Inflation has been front and center in the mainstream media as well as the financial press for most of 2021. Because higher prices affect households as well as financial markets, inflation represents the proverbial intersection of Main Street and Wall Street. Consensus inflation predictions for 2021 have been proven almost completely wrong—with prices rising more and staying higher for longer than most anticipated—and the outlook for 2022 appears just as uncertain.
We think that U.S. inflation by the second half of 2022 will settle lower than the latest readings but higher than the Federal Reserve’s 2% target level, which the central bank struggled to attain in most of the period following the 2008–2009 global financial crisis.

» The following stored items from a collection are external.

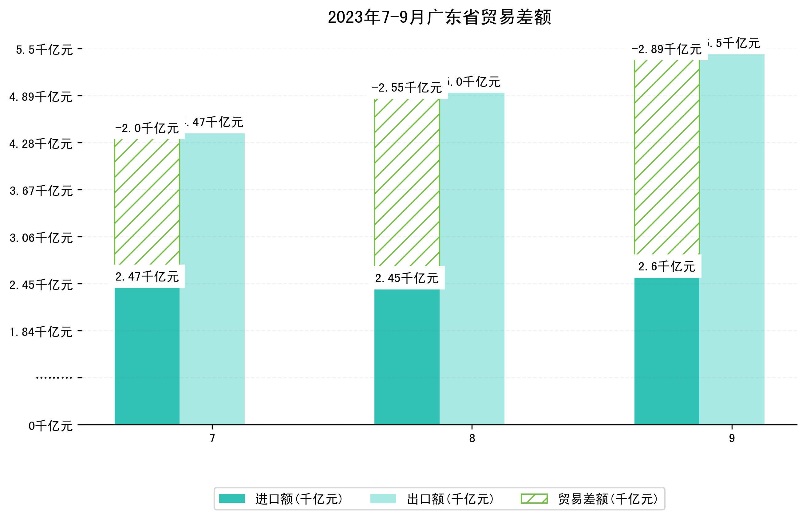 以人民币计,2023年1-9月广东省贸易差额为1,9859,3277,9278万元(贸易顺差),相比上年同期增加了3143,3822,0727万元,同比增加18.8%。
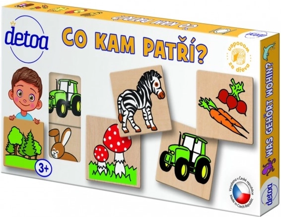 Detoa fa puzzle Mi hova tartozik egy didaktikai játék, amely segít a gyerekeknek felismerni a tárgyakat és hozzárendelni őket a megfelelő képekhez. Ez a játék ideális a logikai gondolkodás és a memória fejlesztésére 3 éves kortól.
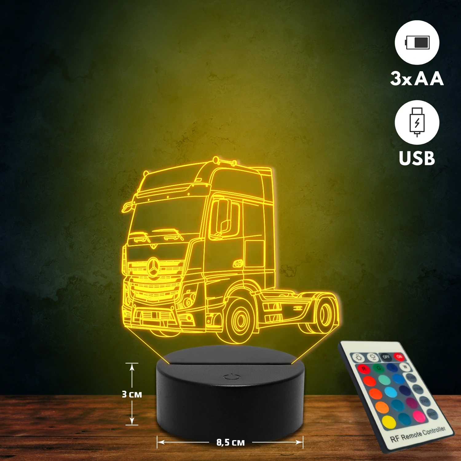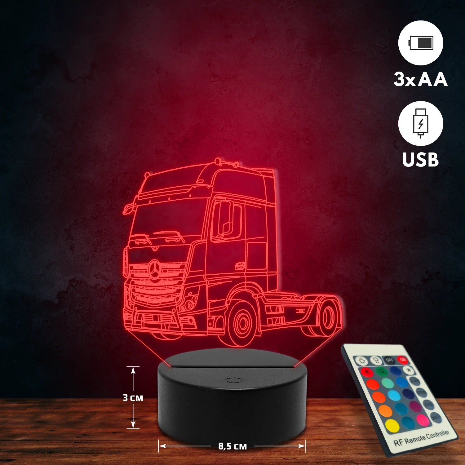 A 3D lámpa USB-kábellel is működtethető, amelyet egyszerűen csatlakoztathatsz számítógéphez, laptophoz vagy hálózati adapterhez. Emellett 3 darab AA elemmel is üzemeltethető (a csomag nem tartalmazza). A lámpa 16 különböző színben világíthat, emellett választhatóak a színváltási módok is: gyors villogás, lassú villogás vagy fokozatos színátmenet. A fény kellemesen lágy, a fényerőt pedig könnyedén állíthatod a mellékelt távirányító segítségével.

As a result, we believe Treasury inflation‑protected securities (TIPS) should remain a valuable tool in investors’ asset allocation mix as both a direct inflation hedge and as an asset that should perform relatively well in a major sell‑off in riskier securities such as equities and high yield bonds.
Energy Price Spikes
Energy prices are a key part of headline consumer price inflation (CPI) figures and have broadly increased in late 2021. The price of West Texas Intermediate crude oil, the U.S. benchmark for the commodity, more than doubled in the 12 months ended October 31, 2021. Also, a dramatic increase in natural gas prices in Europe that began late in the third quarter has consumers and businesses in the UK and Continental Europe worried about skyrocketing winter heating costs. U.S. natural gas prices also have more than doubled in the year ended in October.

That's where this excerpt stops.